Like many parts of Qatar’s World Cup bid, the concept of air conditioning an entire football stadium was met with, to say the least, plenty of scepticism when they were awarded the tournament in 2010.
It was added to the pile of objections, somewhere between the relatively minor (is it weird to have a World Cup in a country that has never qualified for one before?) to the not so minor (worker deaths and human rights abuses). The very idea of it seemed to serve as a reason not to host the tournament in Qatar: if you have to air condition the stadiums, should the World Cup even be there? PVC Flexible Duct
Most of all though, it just sounded weird and implausible. Air conditioning, as most of us know it, is an indoor thing. Trying to apply it to an outdoor stadium surely wouldn’t work. It definitely wouldn’t work. They couldn’t do it. Could they?
For better or worse, it seems they have.
Assuming everything goes to plan, the World Cup will be played in stadiums cooled just so — by a network of air conditioning systems that are simultaneously complex and remarkably simple.
But how does it work? How do you actually air condition an open-air football stadium?

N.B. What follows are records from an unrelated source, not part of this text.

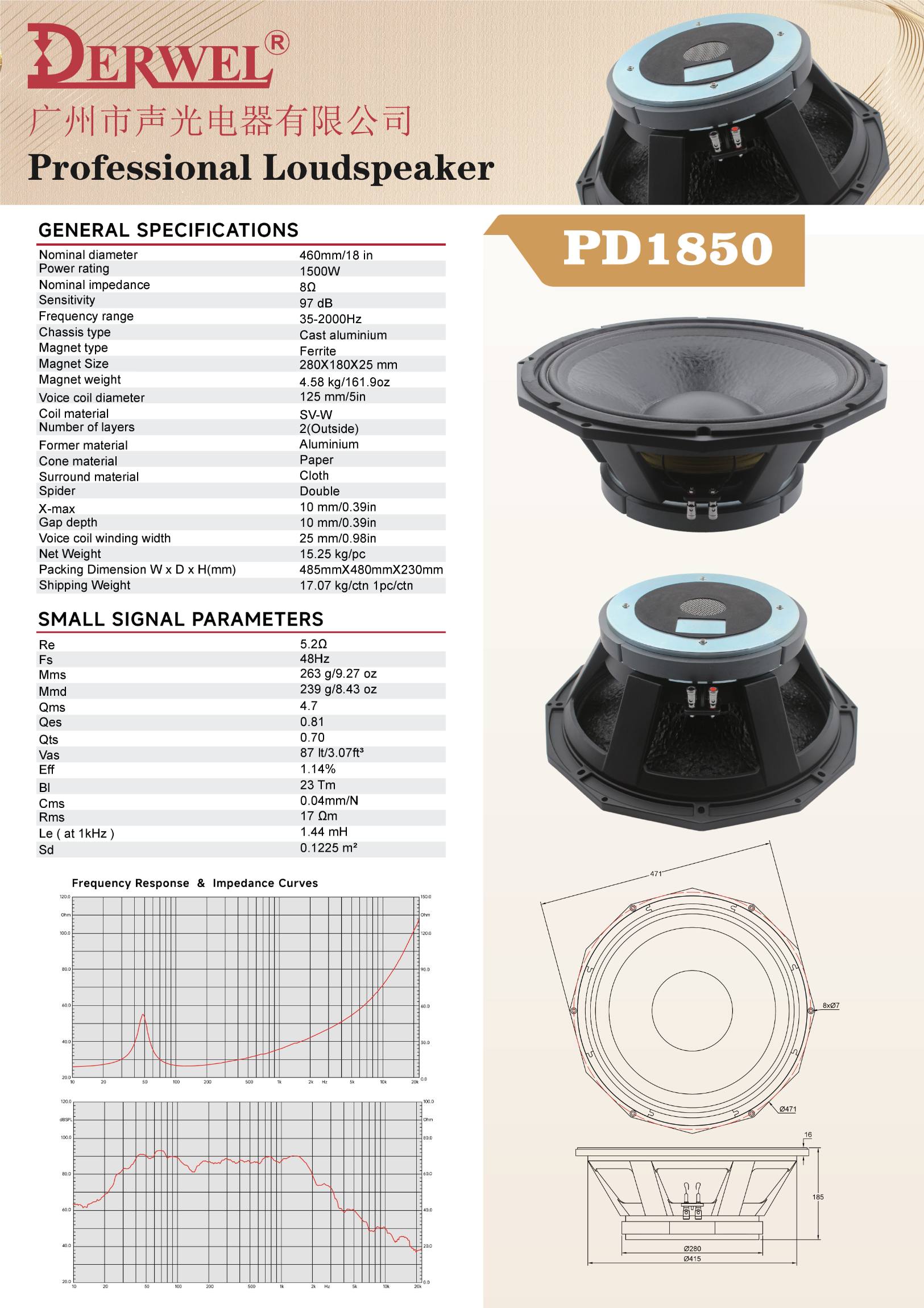 DERWEL PD1850: 18-inch pro loudspeaker, 1500W, 8Ω, 97dB sensitivity, 35-2000Hz. Aluminum-former design for high-power, efficient professional audio.
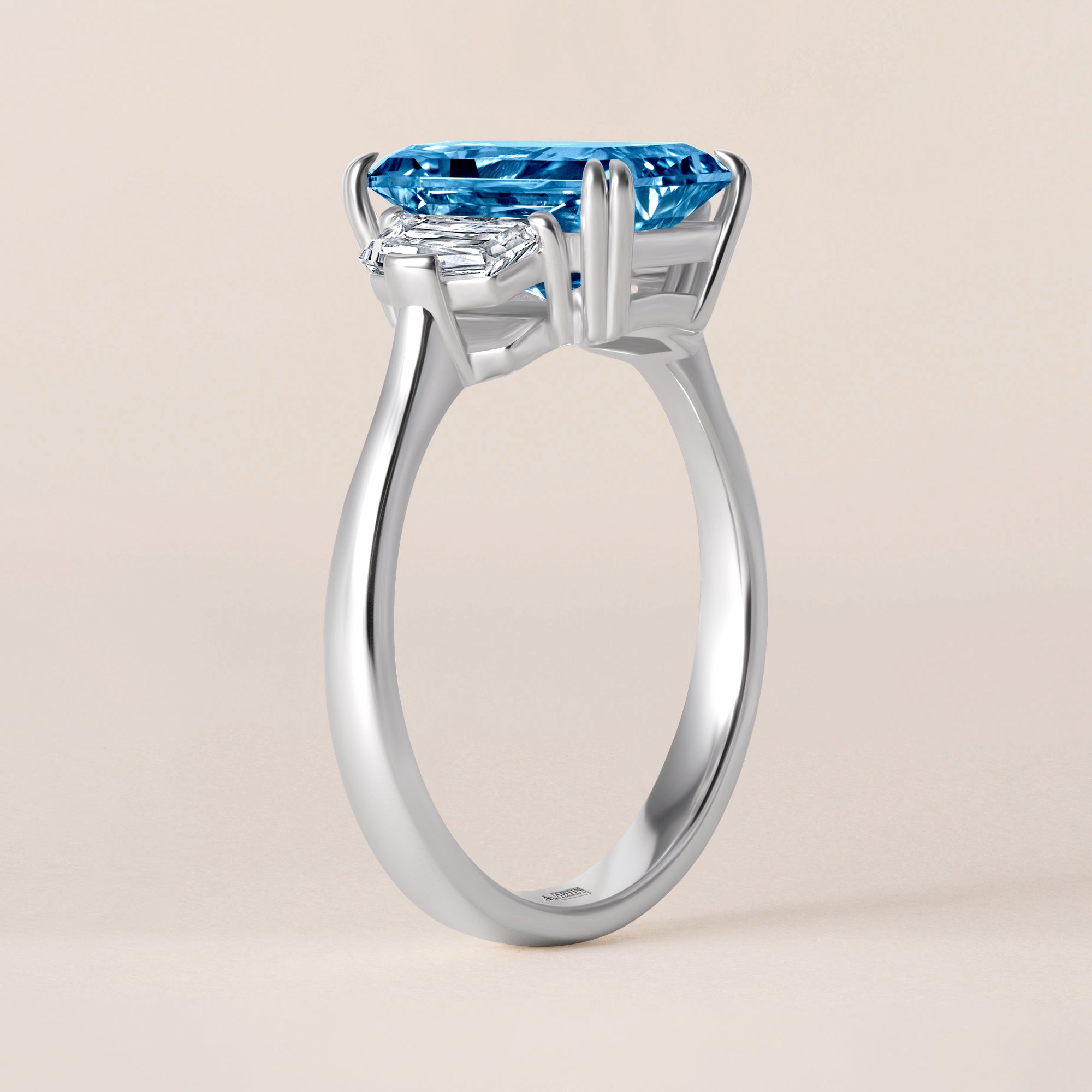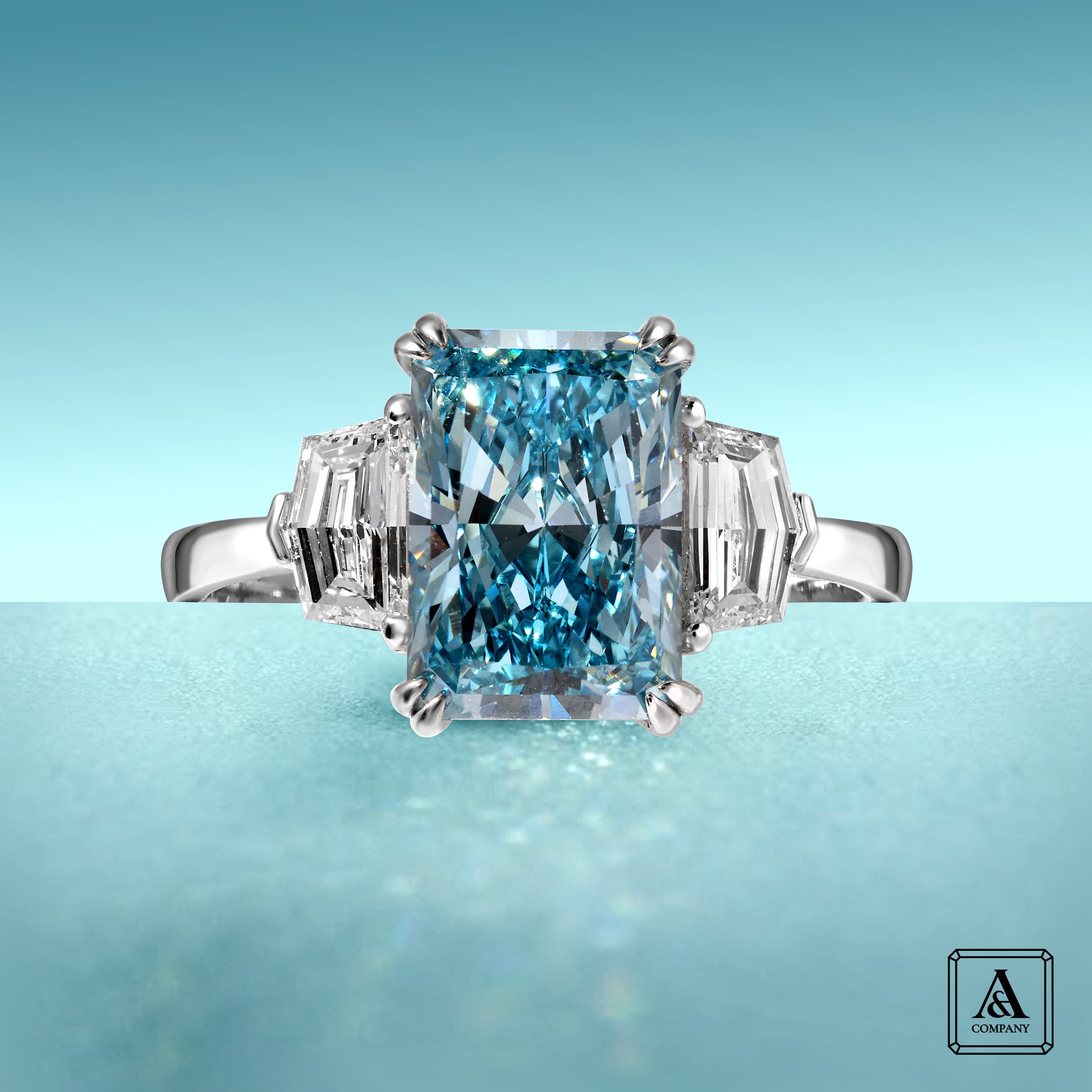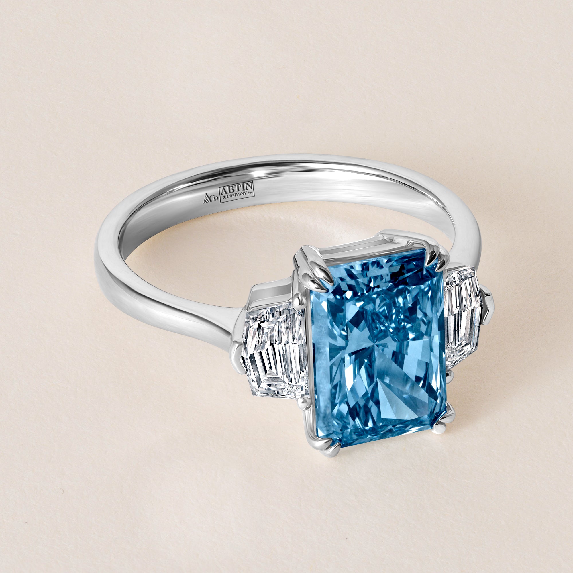 At its center is a radiant-cut fancy vivid blue lab-grown diamond, selected first for its commanding geometry and then for its exceptional chromatic intensity. Weighing 3.03 carats, graded VS1 clarity, and IGI certified, the stone’s radiant cut amplifies brilliance while preserving strong linear structure, creating a focal point that is both powerful and refined.
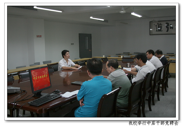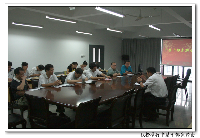 俞继圣校长主持竞聘考核,充分肯定了六位同志勇于挑战自我,承担重任,与学校共进退、同荣辱的积极负责态度,指出随学校事业的发展,中层干部队伍将面临更大的挑战,希望能有更多同志,积极投身到中层管理工作中来。
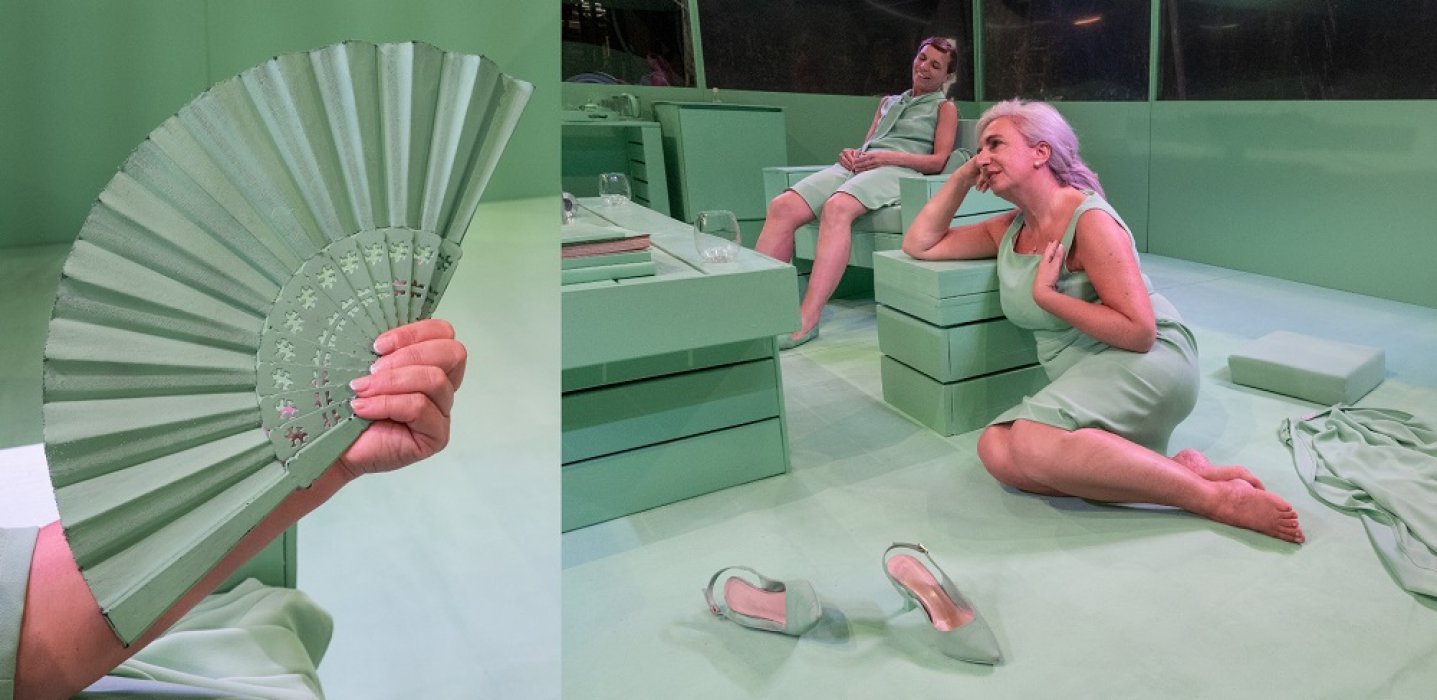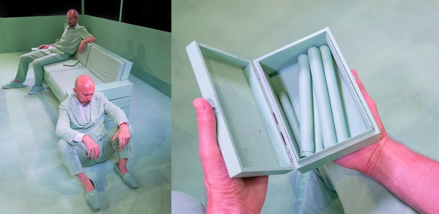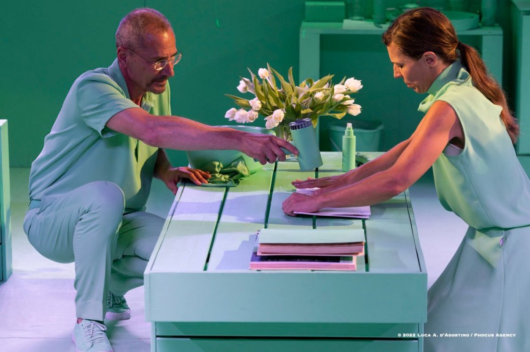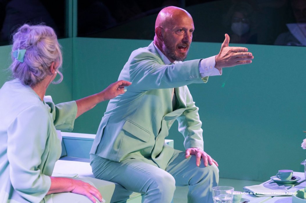 Il salotto sarà ricreato, al centro, in una teca/gabbia di vetro: gli spettatori siederanno tutti intorno a osservare la scena, come degli studiosi in un teatro anatomico.
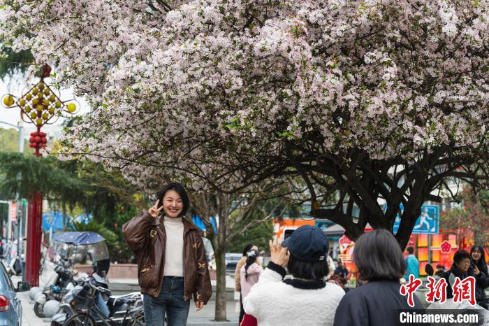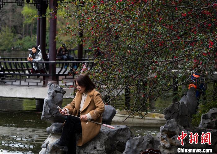圖為3月16日,市民準(zhǔn)備在棠湖公園內(nèi)的海棠樹下自拍。韓金雨 攝

In the most basic terms, this in-stadium air conditioning works via a series of nozzles around the edge of the pitch that shoot out cold air at different angles and at different speeds to cover as much of the playing area as possible. It’s a similar principle to how water sprinklers work on grass, ensuring maximum coverage from a central location. In the stands, more nozzles beneath the seats will cool the air for spectators.
That’s the simple bit. The tricky part is how to keep all that cooled air inside a stadium that has an open roof, to ensure it doesn’t escape through the hole and render the whole operation pointless. The answer is via carefully designed airflows, dictated by the shape and orientation of each stadium.
Chris Lee, from architects Populous who were involved in the design of the Lusail Stadium, the venue for the December 18 final, explains: “If you think of a stadium roof as a little bit like an airplane wing, you can direct the prevailing wind quite a lot by how you orientate the stadium and how you tip or dip the leading edge of the roof. So if you think of how an airplane wing tips up and the air rushes up and effectively jumps up on a different trajectory, that’s more or less how it’s done.
“The whole principle works in a very simple, thermodynamic way: cool air is heavier and sinks to the bottom, and hot air rises, as we all know. So you put the cool air in, it sits on a lower level, then you design the roof and the orientation so the hot air doesn’t ingress into the opening and down to the pitch.”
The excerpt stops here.